Respondent has abstained from alcohol and cocaine since October 27, 1992, when he voluntarily entered a hospital for treatment in a two-week substance abuse program. Since then, he has remained under the care of a psychiatrist, regularly attended Alcoholics Anonymous meetings, and participated in an on-going out-patient counseling program. Respondent admits that he relapsed after treatment prior to his hospitalization in 1992; however, the Clinical Director of the Ohio Lawyers' Assistance Program ("OLAP"), which respondent joined in the fall of 1993, testified that respondent's tests for alcohol and drug use have been negative. Respondent entered a two-year contract with OLAP, effective January 31, 1994, that requires him to abstain from all mood-altering substances, attend counseling meetings as directed, submit to random testing, cooperate with any attorney monitor, facilitate contact with his physician, and report monthly on his progress.
Respondent's prognosis for continuing recovery is encouraging, according to medical and other witnesses to his treatment, and he has resumed his practice of law with success.
The panel recommended that respondent be suspended from the practice of law for a period of six months, but that his suspension be stayed during a two-year probation period to begin on July 18, 1994. As a condition of probation, the panel recommended that respondent be required (1) to comply with the terms of his contract with OLAP, as well as with any other acts OLAP requires, and (2) to renew the present contract for an additional two years after its expiration in 1996. The board adopted the panel's findings of misconduct and recommendation with the modification that respondent's probation begin on the date of a final decision in this case.
Bruce A. Campbell and Thomas M. Tyack, for relator.
Dennis W. McNamara, for respondent.
We have reviewed the record and agree with the board's findings of misconduct. We also agree with the sanction recommended by the board, despite respondent's objection that the requirement to renew his two-year contract with the Ohio Lawyers' Assistance Program extends his probation period unnecessarily.
Respondent complains that his probation will effectively last into 1998 if he is required to renew the OLAP contract when it expires in 1996. We, however, do not consider this requirement unreasonable. As testimony in this record substantiates, an addict's recovery is never absolute. Relapse is a major characteristic of the disease, and respondent has already displayed this characteristic once.

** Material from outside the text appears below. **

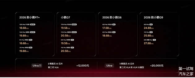 1月8日,在2026小鹏全球新品发布会上,小鹏汽车正式发布2026 款小鹏 P7+、小鹏 G7 超级增程、2026 款小鹏 G6、2026 款小鹏 G9。其中2026款小鹏P7+ 全球36国同步发布,新车有超级增程和纯电两种能源形式,超级增程有1550 Max 科技版和1550 Max 旗舰版,官方指导售价为18.68万元和19.88万元;纯电有615 Max旗舰版和725 Max 旗舰版,官方指导售价为18.68万元和19.88万元。2026款小鹏G7推出四个版本,超级增程1704 Max 科技版和1704 Max 旗舰版,官方指导售价为19.58万元和20.58万元;纯电602 Max 旗舰版和702 Max 旗舰版,官方指导售价为19.58万元和20.58万元。2026 款小鹏 G6推出纯电625 Max 科技版和625 Max 旗舰版,官方指导售价为17.68万元和18.68万元。2026 款小鹏 G9推出纯电625Max、725 Max和680 四驱Max版,官方指导售价为24.88万元、25.88万元和27.88万元。
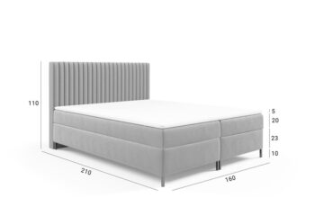 Boxspring krevet Leda je dizajniran s iznimno čvrstim okvirom koji osigurava dug vijek trajanja i udobnost. Pogodna je kako za hotele, tako i za kućne spavaće sobe, zahvaljujući vrhunskoj izradi koju cijene brojni kupci. Krevet dolazi s letvičastom podnicom od 50 letvica, smještenih u metalni okvir. Stranice kreveta obložene su pjenom i presvučene dekorativnom tkaninom po vašem izboru. Možete birati između više dimenzija:

Accordingly, we order that respondent be suspended from the practice of law for a period of six months, but the suspension is to be stayed in favor of a two-year probation period beginning on the date of our decision. Respondent's probation is subject to the conditions recommended by the board. Costs taxed to respondent.
Judgment accordingly.
MOYER, C.J., DOUGLAS, WRIGHT, PFEIFER and COOK, JJ., concur.
RESNICK and F.E. SWEENEY, JJ., dissent.
I dissent since I believe that the misconduct is of such a serious nature that an actual suspension from the practice of law is warranted. Therefore, I would suspend respondent for one year, with six months suspended upon condition that respondent be placed on probation for a period of one year, with the probationary period commencing upon the expiration of the six-month actual suspension.
F.E. SWEENEY, J., concurs in the foregoing dissenting opinion.